Previously, I posted on “13 Signs of Leadership Fatigue.” Several readers asked me to write a follow up post about ways to deal with these signs. Maybe these suggestions will help you move past leadership fatigue.

1. Living by a “get me through the day” philosophy – You may begin the day with prayer, but surviving the day is your prayer theme.

  • Ask God each day to help you see glimpses of His work like an answered prayer or a restored relationship.
  • Actually watch for those glimpses. Trust that God will show you

2. Losing vision – Fatigued leaders don’t consider vision beyond the end of this workday. 

  • While not ignoring the “big picture,” strengthen your vision for one area of the church about which you are passionate.
  • Talk to local leaders about needs in your community. Your vision will expand when you see again the world outside your church.

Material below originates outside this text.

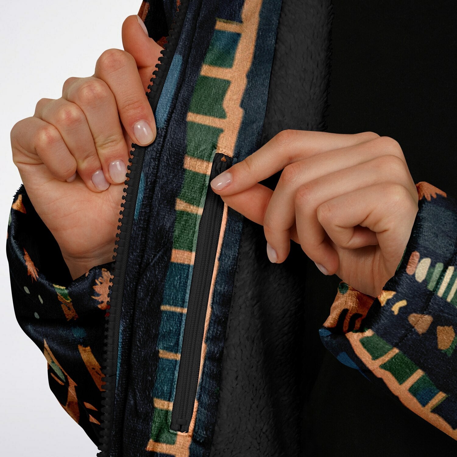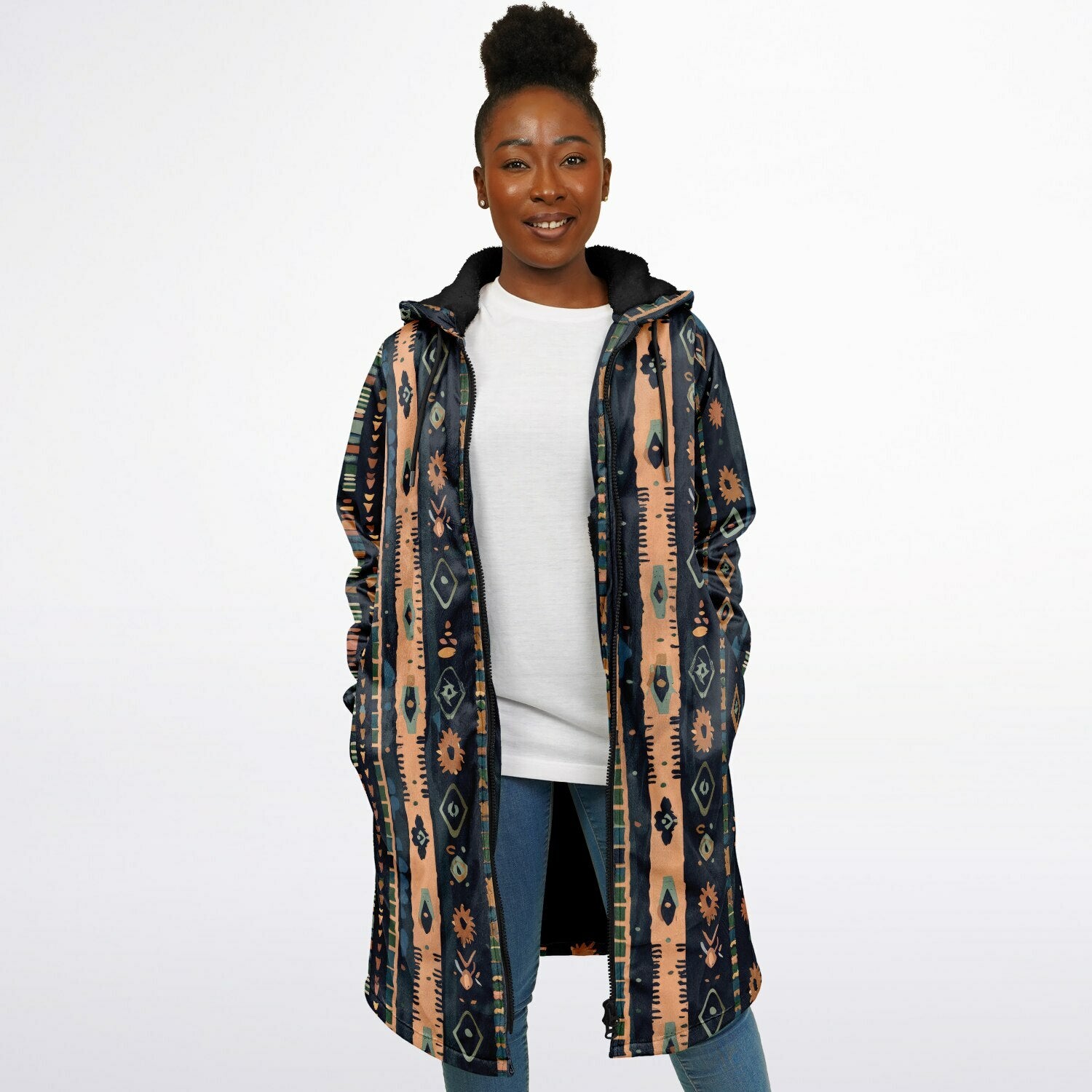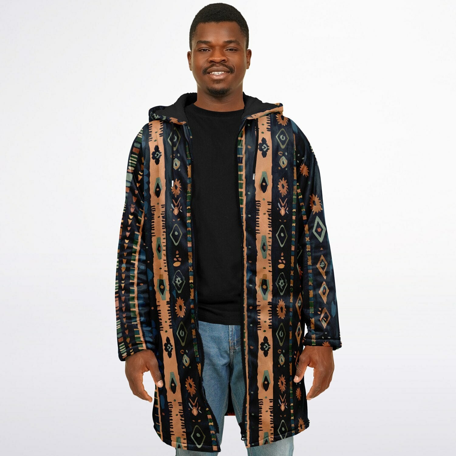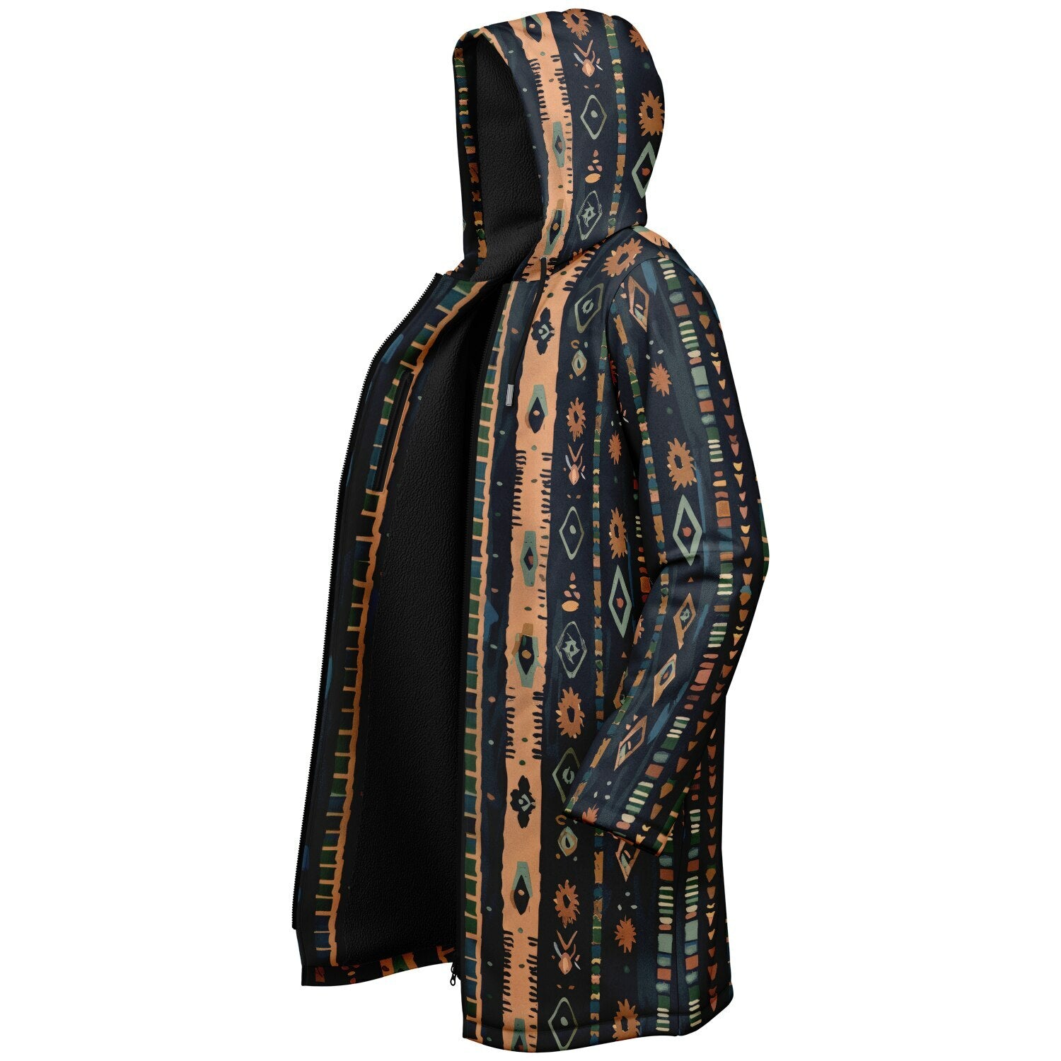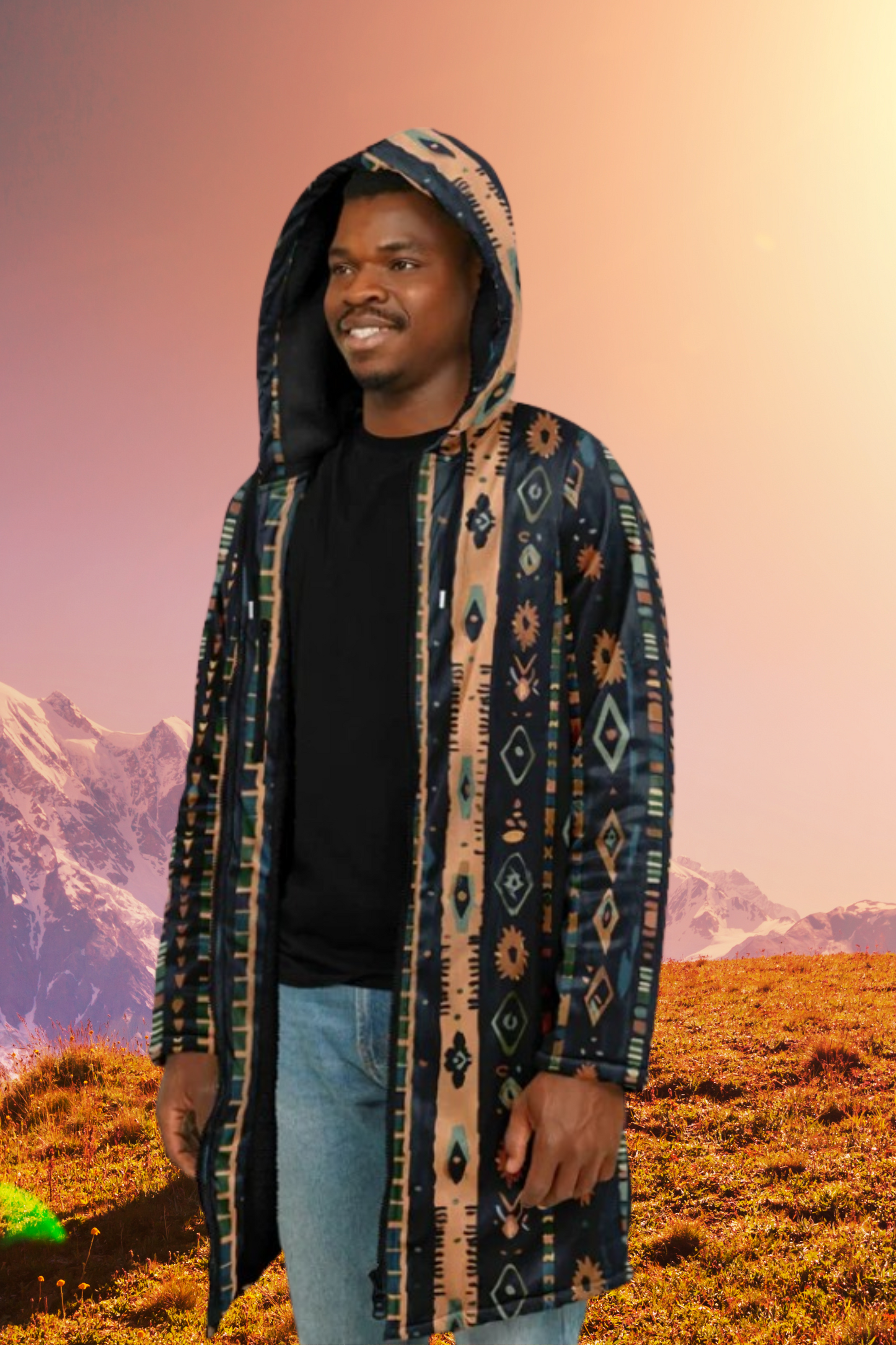 Step into symmetry with this custom Zipper Cloak, a bold fusion of geometric shapes, tribal patterns, and rich floral motifs. With its dark-and-light contrasts and rhythmic repetition, this cloak is basically wearable abstract art. Perfect for lovers of boho street style and tribal coats, it’s textured, unique, and effortlessly chic. Who needs ordinary when you can wear symmetry?

3. Developing poor sleep patterns – The patterns may vary, but in any case, you’re exhausted. 

  • Read scriptures that address resting in God (e.g., Psa. 4:8, Prov. 3:24), and let the Word of God bring you comfort.
  • If the patterns persist, consider talking to your physician – just in case some other underlying cause is present.

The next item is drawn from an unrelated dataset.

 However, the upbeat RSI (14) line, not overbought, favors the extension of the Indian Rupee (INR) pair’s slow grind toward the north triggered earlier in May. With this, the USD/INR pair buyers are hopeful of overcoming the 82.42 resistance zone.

4. Declining spiritual disciplines –Weariness leaves little room for anything like Bible study and prayer that requires “discipline.”

  • Reading one more verse a day or praying one more minute each day is positive. So, do that – read a little more, and pray a little longer each day.
  • Take a brief retreat from the needs of the people around you (Luke 5:15-16). It’s not only okay to get away from people to be with God; it’s necessary.

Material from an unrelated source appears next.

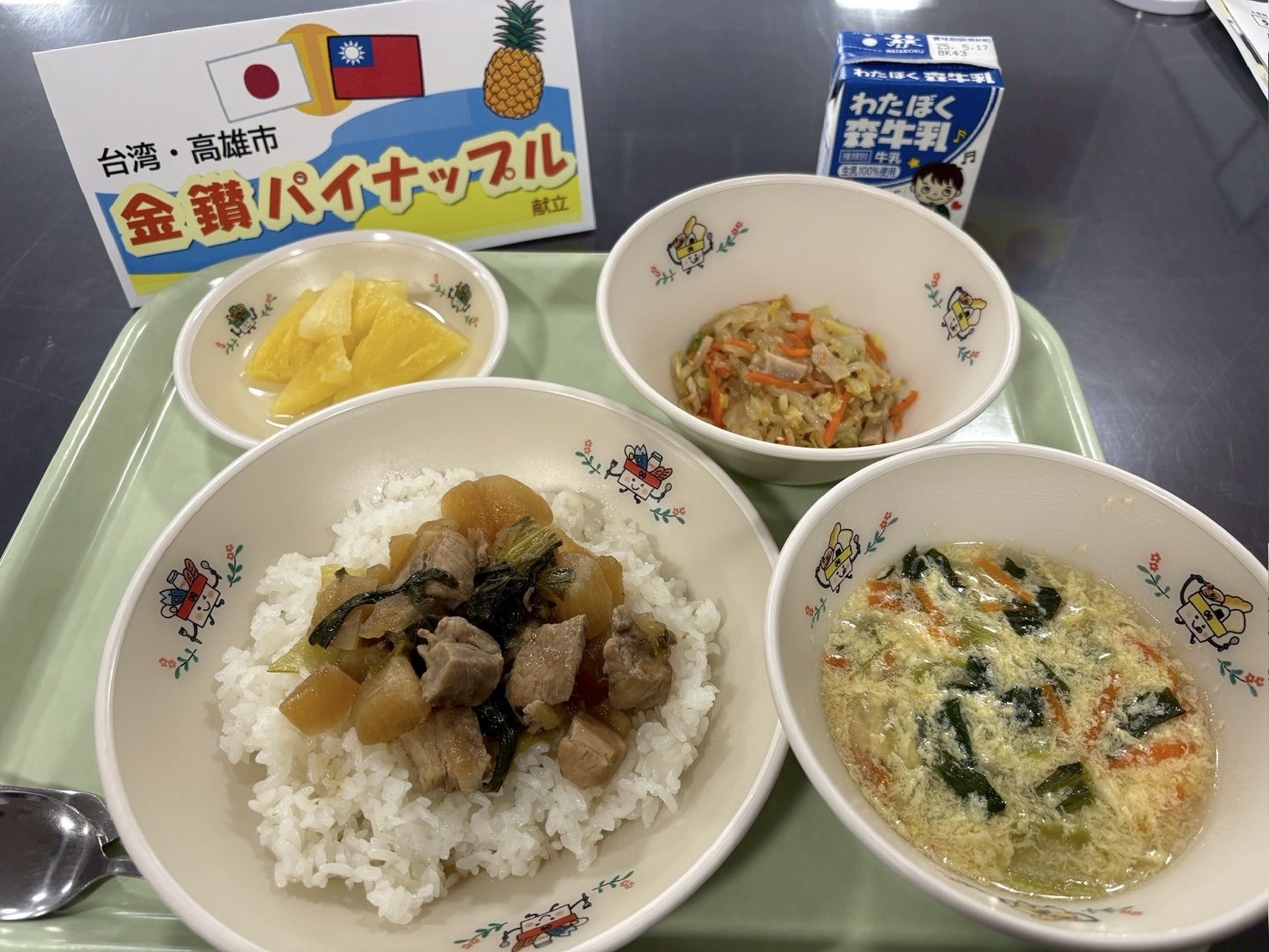 不只吃得開心,還學得有趣,為了提升學生對台灣的印象,校方更貼心推出「台灣料理菜單」,包括經典魯肉飯、暖心蛋花湯與清爽涼拌冬粉,最後以香甜高雄鳳梨作為完美收尾,讓學生們一邊品嚐、一邊認識台灣高雄,一口接一口大囋「歐依系」!東京八王子市教育委員會特別設計了食農教育教材,說明高雄地理位置及與姊妹市八王子市之情誼,讓遠在日本的同學更了解鳳梨抵達餐桌過程,高市府農業局特地前往高雄大樹區拍攝鳳梨生長、採收、清潔、分級及包裝的畫面,並邀請種植鳳梨的農友以日文方式介紹「高雄鳳梨好吃!」,提供日方食農教育影片,從生產到餐桌,藉由高雄鳳梨擴大國民外交、促進台日交流。

5. Repeating lessons and sermons – Finding something in the file is much less draining than the hard work of praying about and developing a sermon or lesson.

  • Invite a guest speaker for a week. That guest might have something to say to you while you rest.
  • Teach through a shorter book of the Bible. Its brevity will help you stay focused, and the intentionality of study will revive you.

6. Faking joy and excitement – Few actions are more exhausting than pretending to have joy you don’t have.

  • Bear your soul before God. He won’t be surprised by your thoughts.
  • Do something in your ministry that really does excite you. If it’s taking a church member to a ball game, do it. If it’s sitting in the woods and praying, do that.

7. Frustrating family members – Leaders who fight to get through the day often dump on their family when they get home.

  • Don’t talk about work for the first two hours at home. Spend that time focusing on your family.
  • Give your spouse permission to say, “Honey, you’re dumping too much on me” – and then stop.

8. Magnifying minors – What seemed insignificant last month is unexpectedly huge when we’re tired. 

  • It might sound silly, but count to ten (or 100, if needed) or take a walk before determining what’s really important.
  • Ask yourself, “Will this issue really matter a year from now?” If not, file it under “Not as important as I thought.”

9. Failing to return emails and phone calls – Weary leaders tend to delay responding to others, if they choose to respond at all. 

  • Calendar a daily time to return communications (preferably no more than one hour).
  • Handle the most stressful stuff first. Get it out of the way, using your time wisely because other emails and phone calls wait.

10. Misdirecting affections – When nothing they do brings joy, fatigued leaders sometimes turn to others for affirmation.

  • Go back to #7 above, and reinvest your time in your family.
  • Talk to yourself throughout the day: “I’m really stupid if I do this . . . ,” and RUN from temptation.

11. Decreasing exercise – Professional and emotional fatigue quickly lead to physical tiredness. Exercise becomes that much more difficult.

  • Take 10-minute walks throughout the day. Get out of your office.
  • Find a workout partner to hold you accountable to increasing your exercise.

12. Focusing on a “grass is greener” syndrome –Every other role, it seems, is suddenly better than our current one. 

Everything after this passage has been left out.